In other previous researches [
51,
52,
53,
54], they showed the high performance of road lane detection irrespective of various weather conditions, traffic, and curved lanes, etc. However, they did not discriminate the solid and dashed lanes in the detected road lanes although it is necessary for autonomous vehicle. Different from them, even the solid and dashed lanes are discriminated in the detected road lanes by our method. In addition, more severe shadows are considered in our research compared to the examples of three results in [
51,
52,
53,
54]. In other methods [
55,
56], they can detect the road lane in difficult environments, but the method [
55] did not discriminate the solid and dashed lanes in the detected road lanes either. The method [
56] discriminated the solid and dashed lanes in the detected road lanes. However, they did not detect the exact starting and ending positions of all the dashed lanes although the accurate detection of these positions are necessary for the prompt or predictive decision of the moment of crossing road lane by fast moving autonomous vehicle. Different from them, in addition to the discrimination of the solid and dashed lanes, the accurate starting and ending positions of dashed lane are also detected by our method.
5. Conclusions
In this study, we proposed a method to overcome severe shadows in the image, for obtaining better road lane detection results. We used two features as the inputs for FIS: HSV color difference based on local background area (feature 1) and gray difference based on global background area (feature 2) for evaluating the level of shadow in the ROI of a road image. Two features from different color and gray spaces were used for FIS for considering the characteristics of shadow in various color and gray spaces. Using FIS based on these two features, we estimated the level of shadows based on the output of FIS after the defuzzification process. We modeled the input membership functions based on the training data of two features and maximum entropy criterion for enhancing the accuracy of FIS. By adaptively changing the parameters of LSD and CannyLines detector algorithms based on the output of FIS, more accurate line detection was possible based on the fusion of the detection results by LSD and CannyLines detector algorithms, irrespective of severe shadows on the road image. Experiments with three open databases showed that our method outperformed previous methods, irrespective of severe shadows in the images. Because tracking information in successive image frames was not used in our method, the detection of lanes by our method was not affected by the speed of the car.
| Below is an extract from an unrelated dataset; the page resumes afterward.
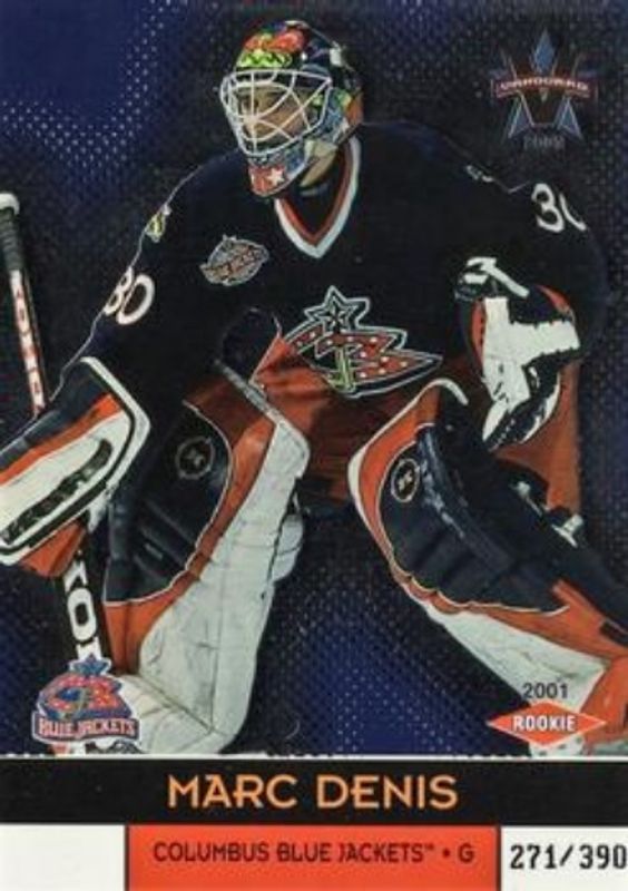 The Marc Denis 2000 Pacific Vanguard #113 Base /390 card is 1 of 2 Marc Denis' card variations in the 2000 Pacific Vanguard set being tracked by Sports Card Investor, including Pacific Proofs /1.

However, complex traffic with the presence of cars can affect our performance when detecting vanishing points and line segments, determining shadow levels, and locating final road lanes, which is the limitation of our system. Nevertheless, our three experimental databases do not include these cases, and we could not measure the effect of the presence of cars on the performance of our system.
In future, we would collect our own database including the complex traffic with the presence of cars, and measure the effect of these cases on our performance. In addition, we plan to solve this limitation by deep learning-based lane detection. Also, we plan to use a deep neural network for discriminating dashed and solid lane markings under various illumination conditions, as well as for detecting both straight and curved lanes. In addition, we would research to combine our method with a model-based method to enhance the performance of lane detection.